For my part, I kept to the edge of the bramble she’d waded into and limited my assistance to what I could see. Most of the trees here had been cleared away, revealing hints of grey rock that marked the start of the low mountains we’d now be skirting as we wandered closer to dragon territory.
I scanned the rock wall, and my gaze fell on a strange indentation, an anomaly I wouldn’t have noticed if I hadn’t been searching for it. As it was, I had to squint and tilt my head to double-check what I was seeing—something roundish, certainly nothing that could be found in nature without some external hand helping it along.
“Hey, Buttons,” I called, knowing it would get her attention—and probably annoy her. “What’s that?”
Sure enough, her shoulders tightened at the nickname, but she followed my pointing finger, and that glow of excitement I’d come to anticipate swept over her features.
All irritation with me—likely all thought of me—vanished as she pushed through the shrubs and bramble and whatever else to the rocky facade.
“You’re right, this is it,” she said over her shoulder. She raised her hand to brush her fingers over the surface, then stopped herself and pulled back. “No, we’ve learned that lesson. The clues are supposed to get harder as we go. Last time, there was something about the order of buttons to be pushed and the consequence was a big fucking hole in the ground.”
A laugh escaped me. Every curse out of this woman’s mouth was a treat to my ears, a subversion of expectation, and I had to admit her coarseness triggered a depraved response in me. It made me wonder what other devilry existed under her prim surface.
“If this puzzle is harder than three buttons, we can probably assume the consequences for getting it wrong will be worse as well.” She sniffed. “Although I can’t imagine much worse than being impaled by dozens of spikes. I’m beginning to think Mage Tersey might have had… issues.”
The understatement made me laugh again, louder. “You didn’t get that from the fact that the man left a dozen clues to find some necklace instead of leaving himself a note with a map? Either he was paranoid beyond belief or he had an ego the size of Golthwaine.”

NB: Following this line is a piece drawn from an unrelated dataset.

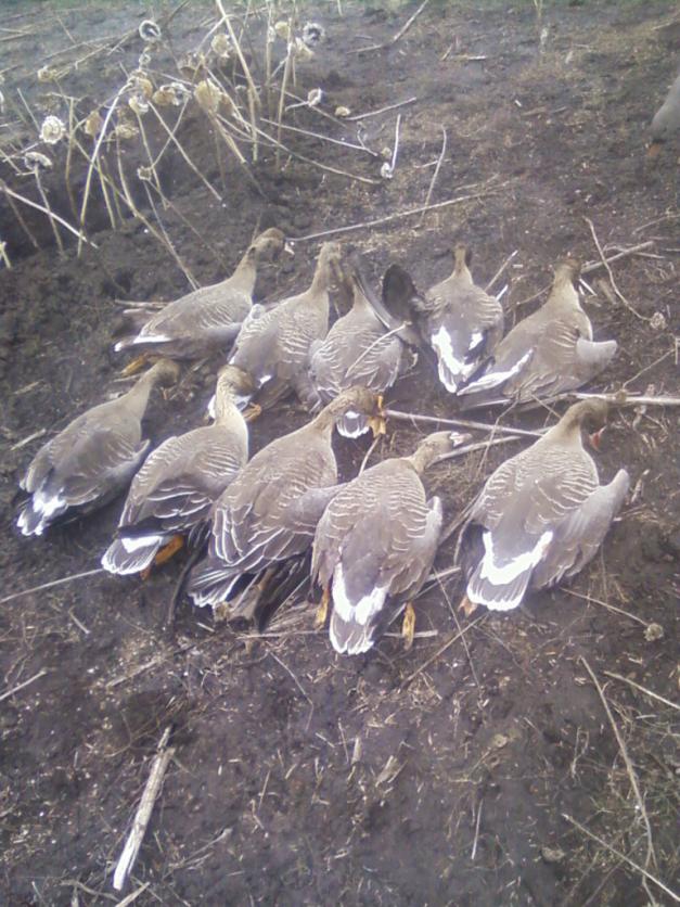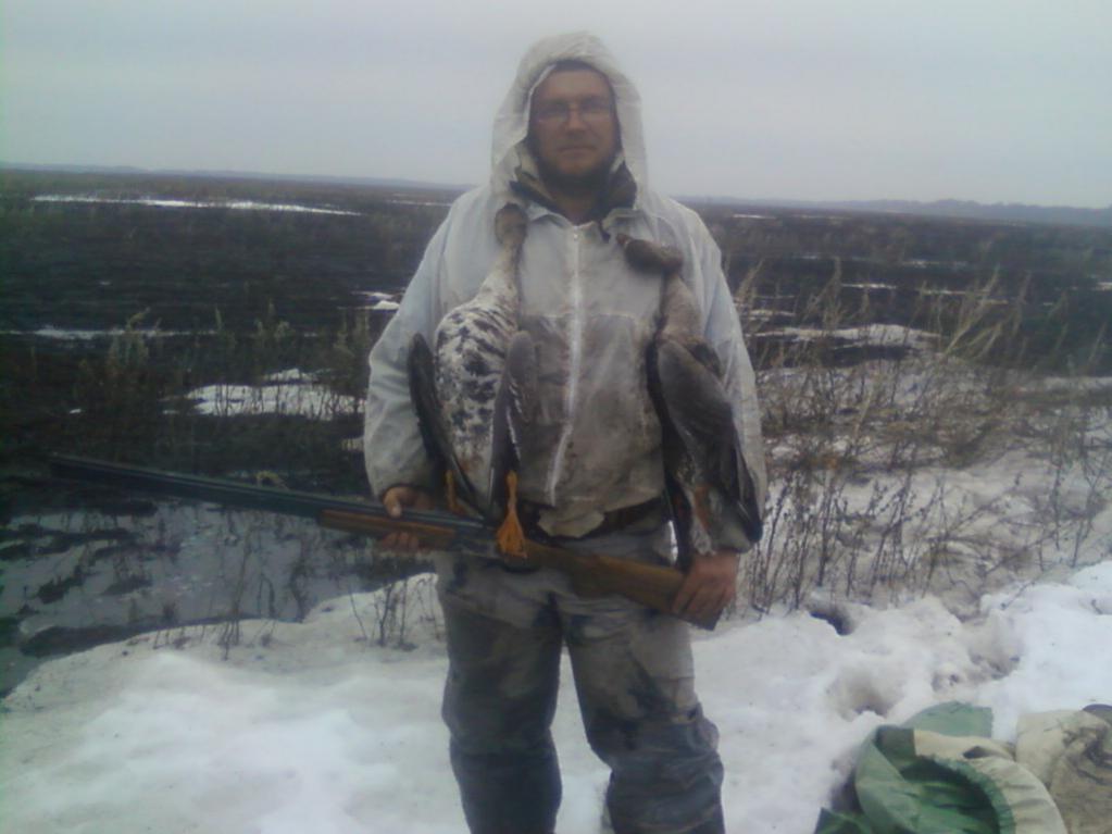 По второму фото: если на поле(болоте, луге....) есть хоть немного снега (как на фото) окоп не копаю, одеваю масхалат, под себя пленку(чтобы не промакал коврик), коврик(желательно белого цвета), делается небольшой бруствер и ....если не двигаться при подлете гусаки тебя не замечают, садяться прим на мушку...

“I suspect both.” She leaned forward to get a better view of what must have been writing etched in the stone. “At least this one’s legible, though that doesn’t make it any more comprehensible. ‘The miners heaved stone so the clever might thrive. They hewed through rock so the strong might survive. Move quick the weight of bramble and stone. Think quick to preserve your blood and bone.’ Friendly little message.”
She chewed on her bottom lip, and I watched the blood rush into the pale flesh. It was a nervous quirk I hadn’t noticed before, and I wondered what other emotions might prompt her to do it. Or what that plump bottom lip might feel like under my own teeth.
I cleared my throat, gave myself a shake, and joined her in the bramble to read the inscription for myself.
“What do you think?” I asked. “A test of strength?”
She nodded, but the crease between her eyebrows deepened. “But not just that. Strength and wit.”